Sanitation is key. If you have an autoclave, sterilize your tools ahead of time. Otherwise, wash everything with an iodine solution or, if there are no other options, ethanol. Contamination is your enemy. Everything must be clean. Boil the handkerchiefs, rubber bands, sample jars, and lids.
- Grind up your ‘grains’ (but not so much that it becomes powder).
- Place your ‘grains’ in coffee pot (not the filter basket, the carafe).
- Run 2 cups of clean water through coffee maker and let it sit on the hot plate for an hour. This releases all the good chemicals from you ‘grains’ and creates a fluid called wort.
- Strain the wort through the coffee filter and place the filter full of ‘grain’ into the filter basket. Add the ‘malt’ to the filter basket. Pour the strained liquid back into coffee maker and add 1 cup of water.
- Run the wort through the coffee maker 5 times, each time adding 1 cup of water.
- Pour the wort into the saucepan and boil for 45 minutes.

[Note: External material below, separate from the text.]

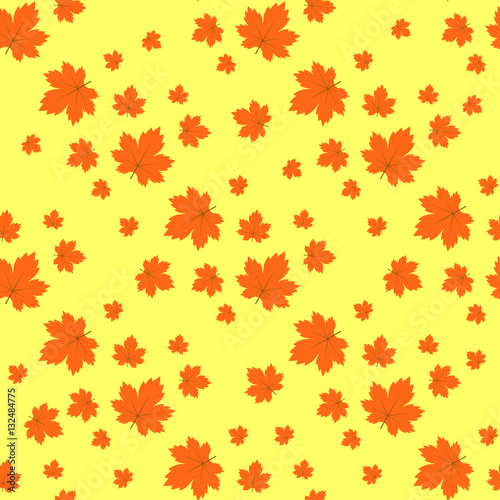 Seamless texture maple leaf on light orange background. Perfect for wallpapers, wrapping papers, pattern fills, textile, autumn greeting cards, Thanksgiving Day cards.
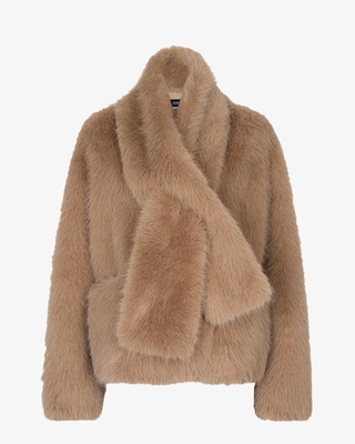 De Ibana Cierra coat voor dames is dé jas voor wie houdt van comfort met een vleugje retro glamour. Gemaakt van rijk cognackleurig faux fur en volledig gevoerd, voelt de jas heerlijk warm aan. De afneembare sjaalkraag maakt het model extra veelzijdig, terwijl de gouden knopen zorgen voor een stijlvolle finishing touch. Samenstelling: 100% polyester. Kleur: cognac. (Taupe) Onderhoud: • Alleen chemisch reinigen.

Two minutes before boiling is done, add the hops.
- Carefully pour the wort into the canning jars.
- Let the wort cool to between 60 and 70 F. Once it is cool enough to touch the outside of the jars without burning, pitched the Bakers’ Yeast into the mixture.
- Seal jar with a handkerchief and rubber band over the mouth, and let sit for 3 to 5 days.

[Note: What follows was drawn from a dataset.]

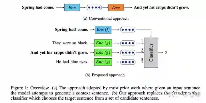 Quick-thoughts 在此基础上进一步改进,将生成任务改为分类任务。具体说来就是把同一个上下文窗口中的句子对标记为正例,把不是出现在同一个上下文窗口中的句子对标记为负例,并将这些句子对输入模型,让模型判断这些句子对是否是同一个上下文窗口中,很明显,这是一个分类任务。可以说,仅仅几个月之后的BERT正是利用的这种思路。而这些方法都和Skip-thoughts一脉相承。

- And table spoon of sugar to the jar and seal with the lids, making sure they’re air tight.
- Store in a cool, dark place where it will not be disturbed for a week.
A cool, smooth brew, flavored with whatever you found. It may be very bad, it may be good. It will be beer.
You are now the most popular person on the boat. Enjoy.
Please note – these methods can be adapted to any lab or field work that demands it. The modestly sized oceanographic research vessel is not mandatory.
I’d like to thank everyone who has tested and experimented with this method. Please report back with your successes and failures.
Southern Fried Science in no way endorses the consumption or manufacture of alcoholic beverages on dry or alcohol free research vessels, nor do we condone the manufacture of beer by the underage. Drink responsibly or don’t drink at all.